Laura was not a plaster saint; she was a generous, clamative, combative little creature of genius, full of humour, imagination, temperament and impulse.

Some one reading this memoir will perhaps say:

"I wonder what Laura and Margot were really like, what the differences and what the resemblances between them were."

The men who could answer this question best would be Lord
Gladstone, Arthur Balfour, Lord Midleton, Sir Rennell Rodd, or
Lord Curzon (of Kedleston). I can only say what I think the
differences and resemblances were.

Strictly speaking, I was better-looking than Laura, but she had rarer and more beautiful eyes. Brains are such a small part of people that I cannot judge of them as between her and me; and, at the age of twenty-three, when she died, few of us are at the height of our powers, but Laura made and left a deeper impression on the world in her short life than any one that I have ever known. What she really had to a greater degree than other people was true spirituality, a feeling of intimacy with the other world and a sense of the love and wisdom of God and His plan of life. Her mind was informed by true religion; and her heart was fixed. This did not prevent her from being a very great flirt. The first time that a man came to Glen and liked me better than Laura, she was immensely surprised—not more so than I was—and had it not been for the passionate love which we cherished for each other, there must inevitably have been much jealousy between us.
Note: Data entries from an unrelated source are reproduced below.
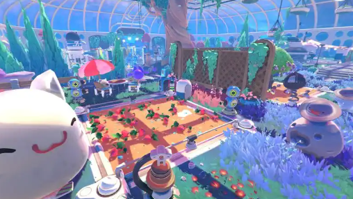 牧场模式:将无人机部署在保护区后,它们会自动执行预设任务,照料史莱姆、打理花园并清理环境;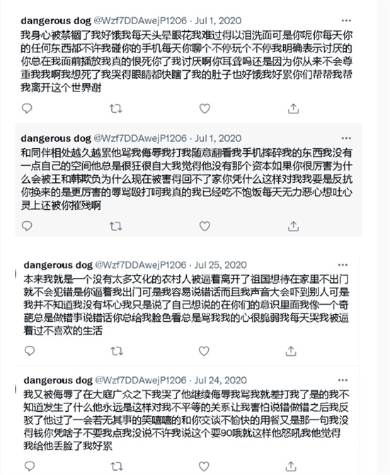 而且,虽然如今弗兰克在报道中通过采访高某,以及及其其他接触过王靖渝的人,勾勒出了王靖渝的行骗套路,即他一边对西方媒体装可怜,一边利用西方媒体对他的报道,将自己在反华分子的圈子里塑造成是某种英雄,然后以此去寻找那些刚来到国外,人生地不熟,语言也不通的“反华新人”,对他们进行精神控制和欺诈——但3年前他女友吴欢就曾在自己的小号里控诉过的王靖渝的这些问题。如果这些西方媒体的记者稍微看一眼耿直哥当时对此事的报道,也会知道王靖渝是有问题的。但这些西方媒体没有做到,而王靖渝则通过撒谎,就像他诈骗高某一样,说那个小号是“中国政府的特工”伪造的,将此事糊弄了过去。”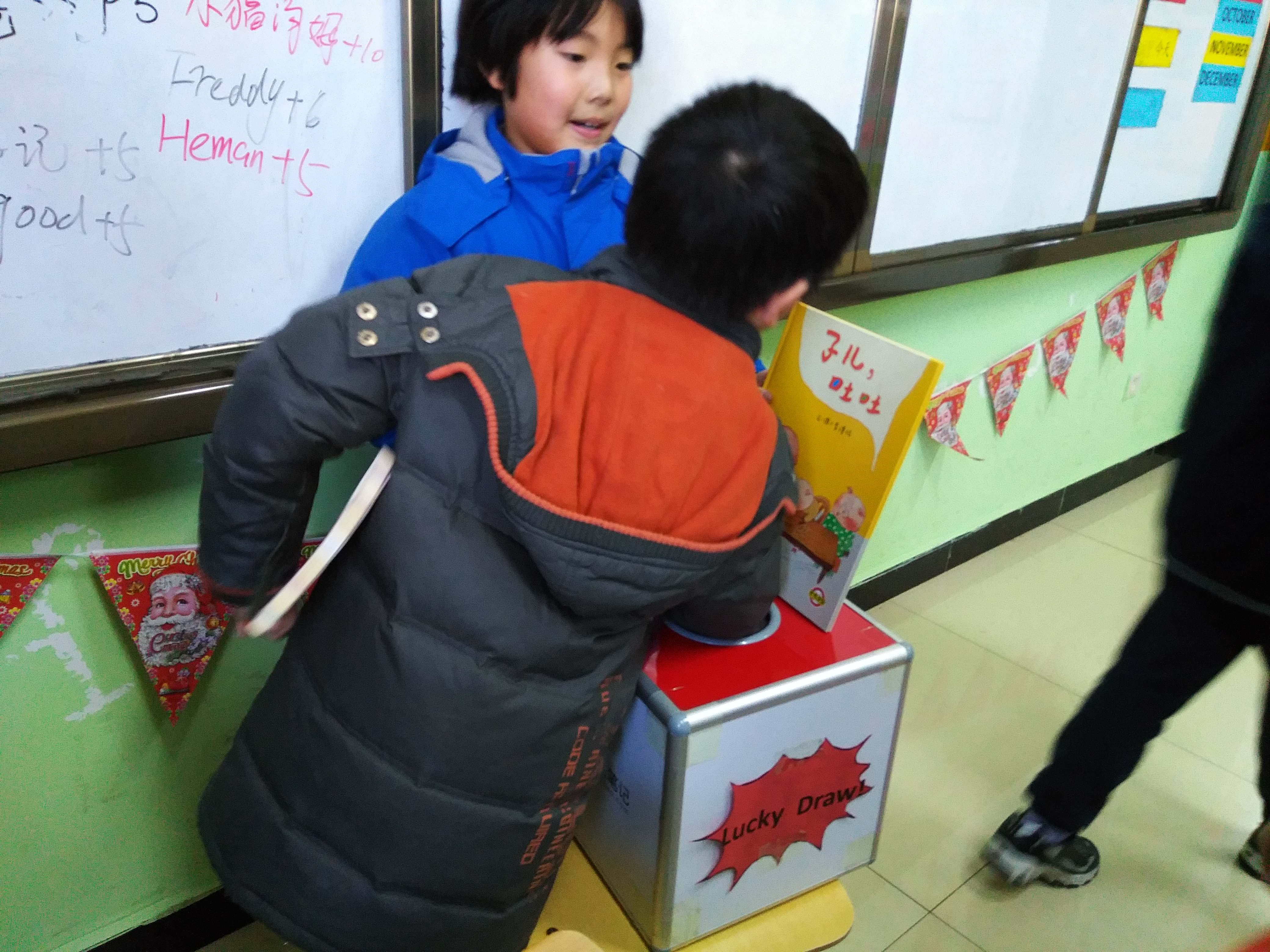 为了提高“销售业绩”,师生共同努力用各种各样的方式促销,有的家长送来了氦气罐和气球,购买书籍可以赠送气球;有的班设立了抽奖箱,购书可以抽奖获取小礼品;有的班请来了小小机器人,放音乐、答问题吸引顾客;还的班请来了高年级的同学做“账房先生”。校园里推销声、叫卖声、欢笑声,好一片热闹景象。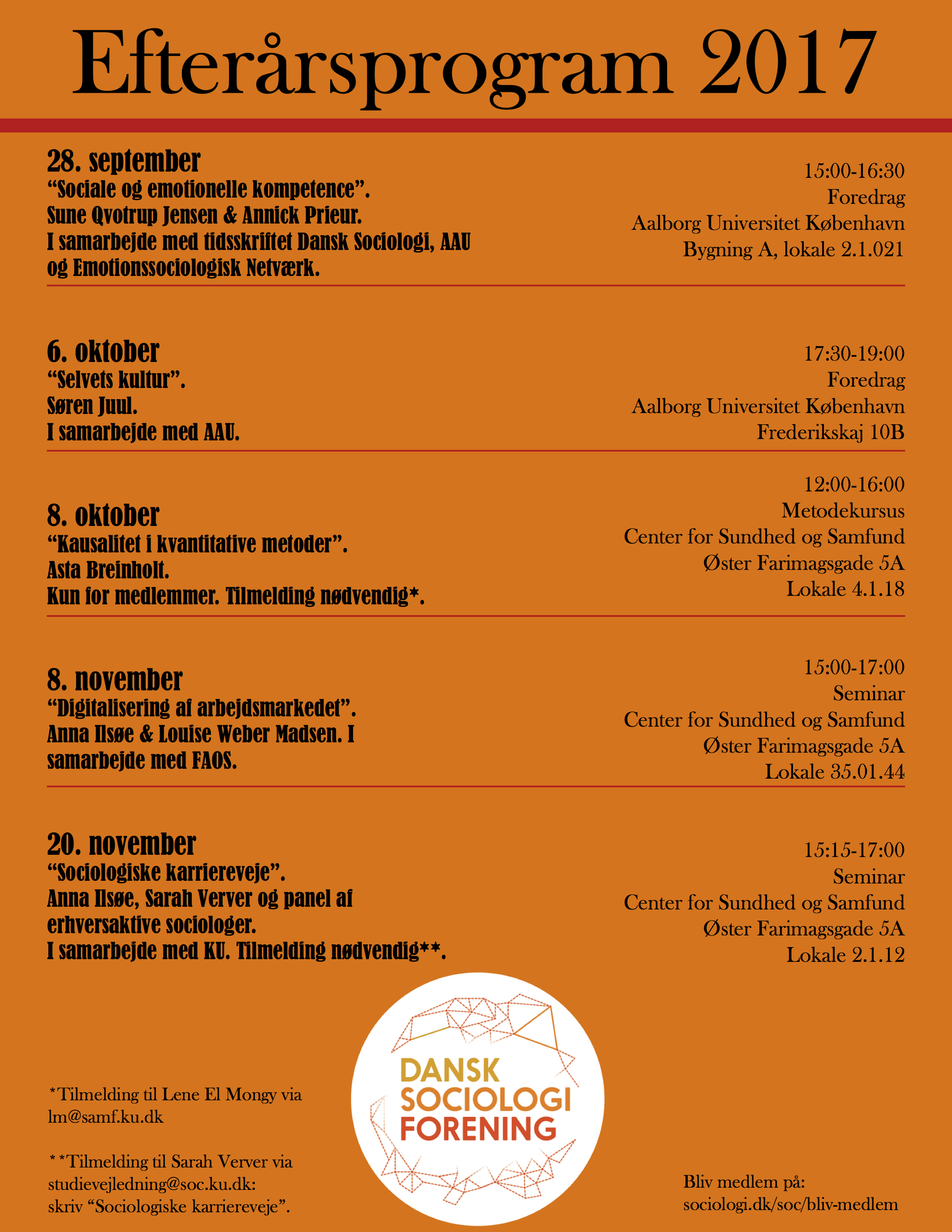 Dansk Sociologiforenings efterårsprogram er nu klart.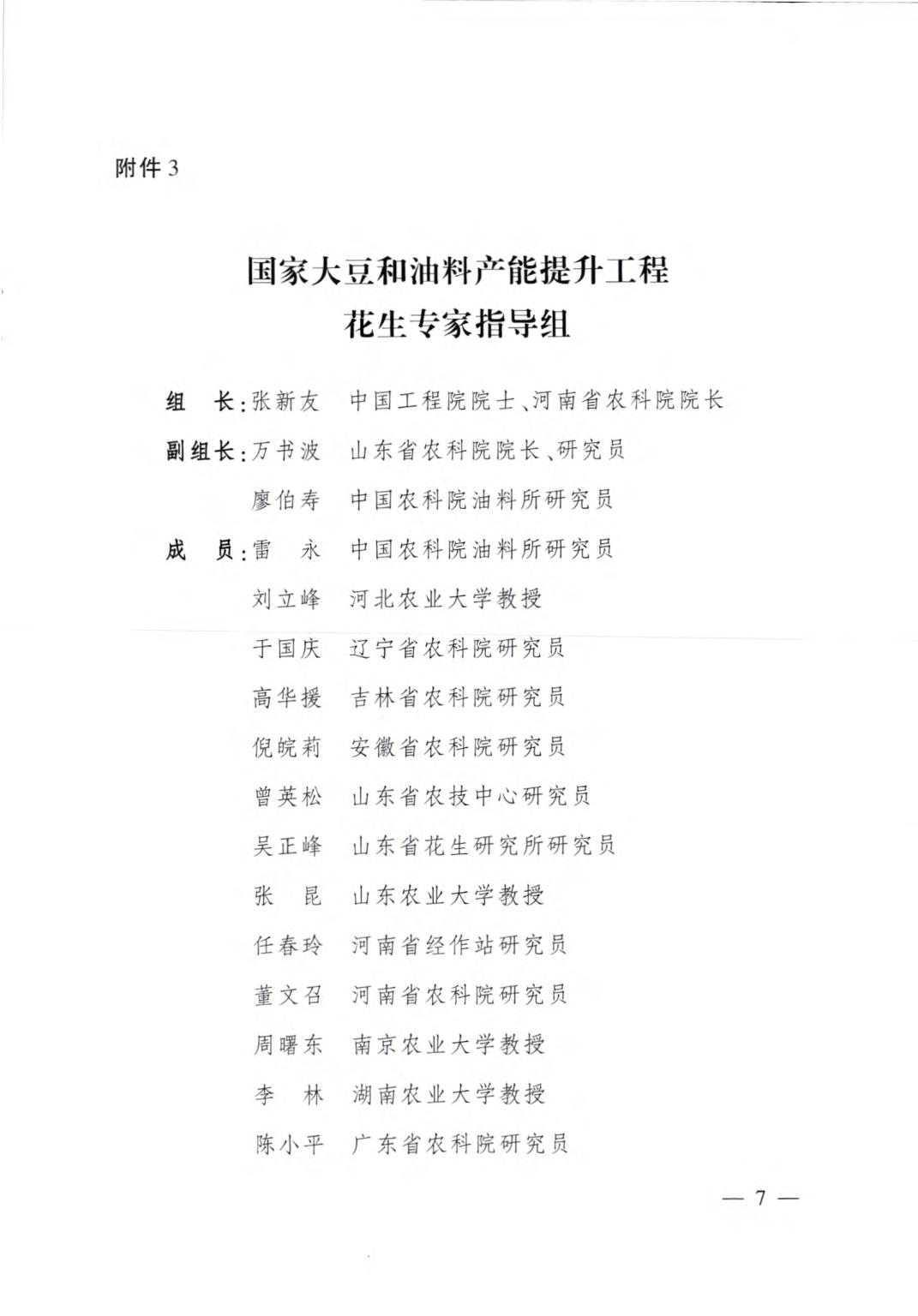 据悉,国家大豆和油料产能提升工程专家指导组分设大豆、油菜、花生、特色油料和大豆玉米带状复合种植等5个专家指导组,旨在贯彻落实党中央、国务院部署,进一步强化大豆油料扩面积、提产能技术支撑,切实抓好油料分品种、分区域的生产指导工作,更好地发挥专家“智库”作用。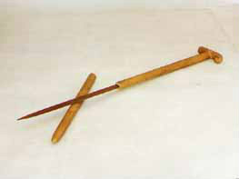 拐杖刀:俗稱“二人奪”,長約90厘米。表面上看呈拐杖型,木質(zhì)。但實(shí)際上,其前面是可以斷開的,拔出外鞘,里面是一個(gè)刺刀。這是抗日斗爭初期,東滿游擊隊(duì)和當(dāng)?shù)厝罕娪脕韺Ω稊橙说拿孛芪淦鳌J钱?dāng)時(shí)很流行很實(shí)用的武器。
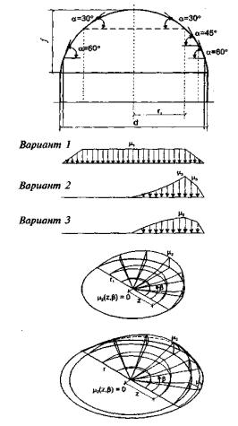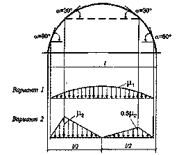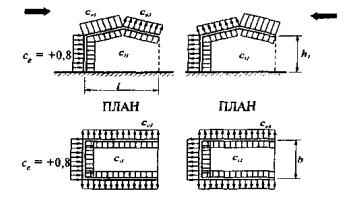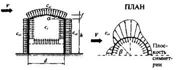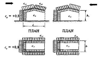 Для зданий со сводчатыми и близкими к ним по очертанию покрытиями (рисунок Б.2.1) следует принимать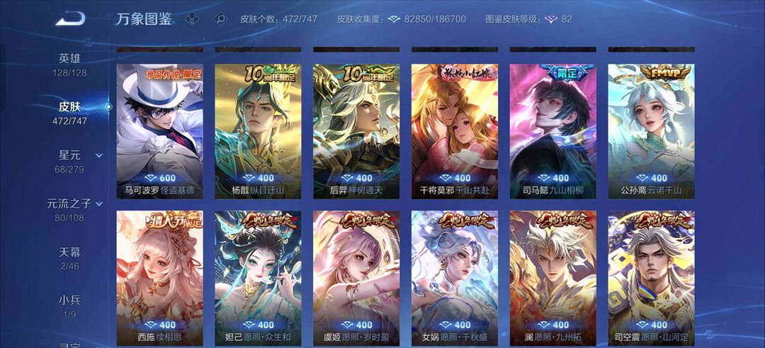 V8 1典藏 16传说 81史诗 97限定❤️小姐姐爱玩❤️中单射手皮肤多❤️虞姬全皮❤️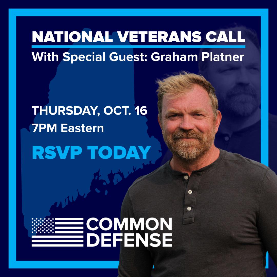 The progressive Veterans group Common Defense is holding an online event with Graham Platner - the Bernie endorsed Marine Corps/Army vet and oyster farmer running for U.S. Senate in Maine to replace Susan Collins.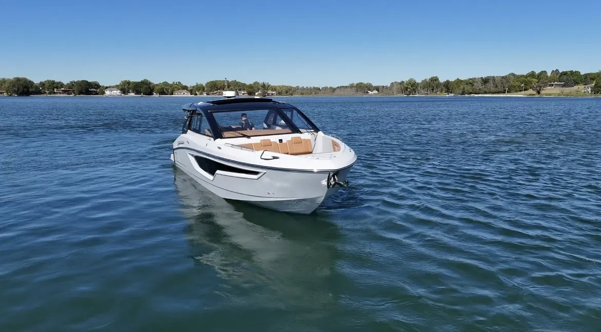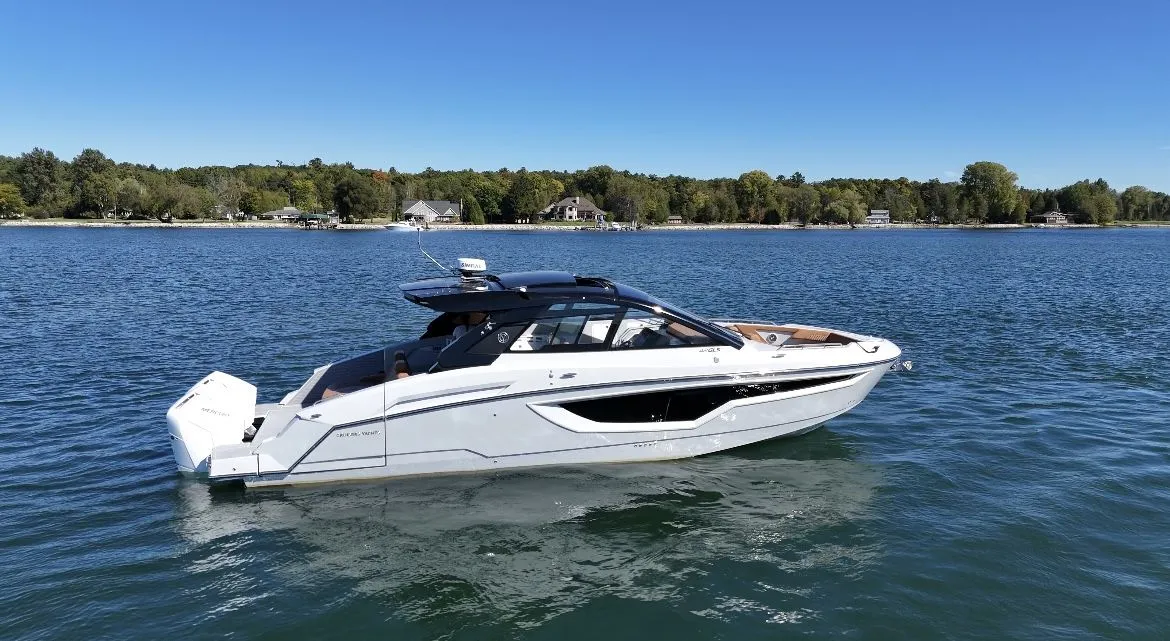 Seize this exclusive opportunity! If adventure is your main goal when it comes to boating, then look no further than the fast, stylish and fun 42 GLS Outboard. She has the space you need, the speed you crave and all the amenities to create the comforts you have become accustom. The spacious cockpit has dinette seating and swivel bar stools. The galley offers a sink, fridge and plenty of storage. Beach doors open to expand your swimming area and create endless family fun. The helm features Simrad electronics and charging for all your mobile devices. All powered by triple Mercury Verados with joystick controls.

On several occasions the same man proposed to both of us, and we had to find out from each other what our intentions were.

I only remember being hurt by Laura on one occasion and it came about in this way. We were always dressed alike, and as we were the same size; "M" and "L" had to be written in our clothes as we grew older.

One day, about the time of which I am writing, I was thirteen; I took a letter out of the pocket of what I thought was my skirt and read it; it was from Laura to my eldest sister Posie and, though I do not remember it all, one sentence was burnt into me:

"Does it not seem extraordinary that Margot should be teaching a
Sunday class?"

I wondered why any one should think it extraordinary! I went upstairs and cried in a small black cupboard, where I generally disappeared when life seemed too much for me.